Haematology Department, Hospital del Mar, Barcelona, Spain.
Leuk Res. 2012 May;36(5):548-53. doi: 10.1016/j.leukres.2012.02.002. Epub 2012 Mar 3.
Febrile neutropenia (FN) risk-assessment and granulocyte-colony stimulating factor (G-CSF) prophylaxis use in clinical practice was evaluated in patients with diffuse large B-cell lymphoma receiving R-CHOP-21. More G-CSF primary prophylaxis was used in patients assessed as high FN risk, but R-CHOP-21 was associated with substantial myelotoxicity in both high- and low-risk groups. In a multivariate analysis, older age, poor performance status, lower baseline hemoglobin, and lack of G-CSF prophylaxis were significantly associated with occurrence of FN in any cycle. Results highlight the need for improved FN risk-assessment and thorough guideline adherence to further reduce FN and better support chemotherapy delivery.

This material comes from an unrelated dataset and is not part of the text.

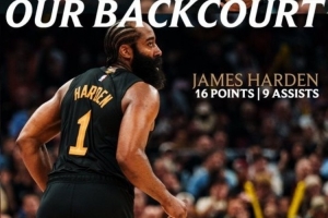 赛后骑士官推发布后场双枪数据海报,米切尔本场比赛拿到17分7助攻,哈登16分9助攻。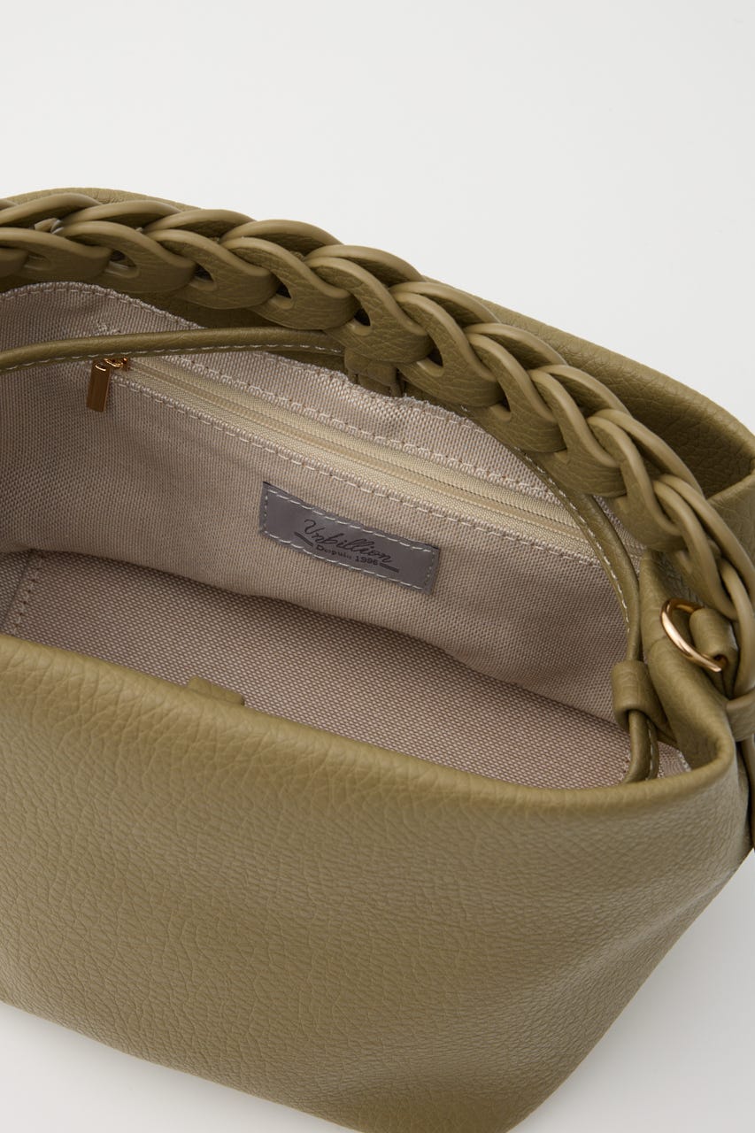 パッチワークのように繋いだハンドルがデザインポイントの2wayショルダー。

在接受 R-CHOP-21 治疗的弥漫性大 B 细胞淋巴瘤患者中,评估了发热性中性粒细胞减少症(FN)风险评估和粒细胞集落刺激因子(G-CSF)预防使用情况。在评估为 FN 高风险的患者中,更多地使用了 G-CSF 初级预防,但在高风险和低风险组中,R-CHOP-21 均与严重的骨髓毒性相关。在多变量分析中,年龄较大、表现状态差、基线血红蛋白较低以及未使用 G-CSF 预防与任何周期中 FN 的发生显著相关。结果强调需要改进 FN 风险评估并严格遵守指南,以进一步降低 FN 并更好地支持化疗的实施。